With the first quarter of 2023 now behind us, investors are hoping the rest of the year will bring them a level of certainty. Depending on who you talk to, there are differing opinions on the outlook for the remainder of the year.
Layoffs are occurring across multiple sectors. Inflation and interest rate hikes have caught up to the consumer. Businesses that provide goods and services to those consumers, both directly and indirectly, are feeling the impact. All of this would suggest a less optimistic outlook, making it difficult for investors to justify EBITDA multiples that have not yet been recalibrated to reflect current market conditions.
While the lower middle market, a “sweet spot” for Independent Sponsors, has remained fairly active, it is not nearly as dynamic as what we experienced in 2021 and 2022. Acquisition finance is readily available through non-bank lenders but it has become expensive. Traditional banks and senior lenders have pulled back so there are fewer options for getting deals done.
Our discussions with several investors who have traditionally targeted Independent Sponsors – including SBICs, family offices, and private equity – have painted a concerning picture. Capital providers, who understand business cycles and the macroeconomic environment, are seeing additional risk associated with Independent Sponsor-backed deals. This means equity sources are shrinking as fewer providers will back stop Independent Sponsor capital needs.
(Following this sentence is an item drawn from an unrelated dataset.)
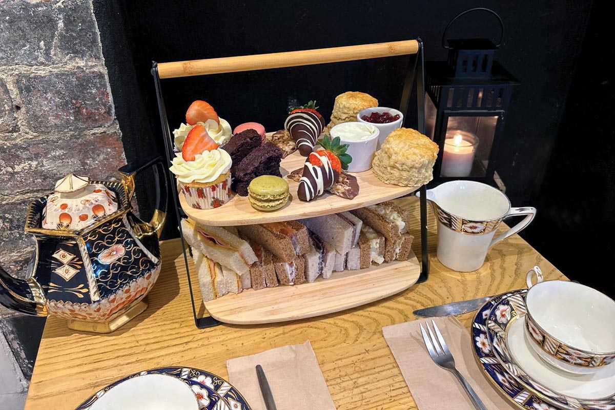 When Liz and Siobhan won the lease on the house in 2022, their plan was to create a tearoom with the sort of atmosphere in which they and their families would feel comfortable. So, they have kept it simple but homely and inviting. On the ground floor, an open hearth, white walls, a polished wooden floor, and pale wood furniture combine to create an interior that really does suit everybody, and the mix-and-match antique china wares from different periods add their own charm. Blackboards give details of the menu, and the display of cakes is immediately attention-grabbing. There is something for everyone, even for really difficult dietary requirements, such as gluten- and dairy-free. The scones and cakes are all baked on the premises and sit on the counter so temptingly that it’s almost impossible to resist! A delicious afternoon tea is also available with 24 hours notice.

The good news is that capital providers who are 100% committed to the Independent Sponsor model still exist along with a dedicated strategy for an asset class more willing to ride the wave of uncertainty. This makes it imperative that Independent Sponsors know who to approach for capital as time is never on one’s side when trying to close a transaction. Debt and equity are unlikely to be as free flowing and accessible as we have seen over the past 24 months.
Differentiation through value creation
Differentiation – through a comprehensive value creation plan that is both realistic and executable – is a key opportunity for Independent Sponsors moving forward this year. This is especially important since investor scrutiny, which includes a comprehensive diligence process, is back in full force. Innovative structuring of a transaction through earnouts and seller notes, which relies on EBITDA multiple arbitrage and the like, will no longer be sufficient to close deals.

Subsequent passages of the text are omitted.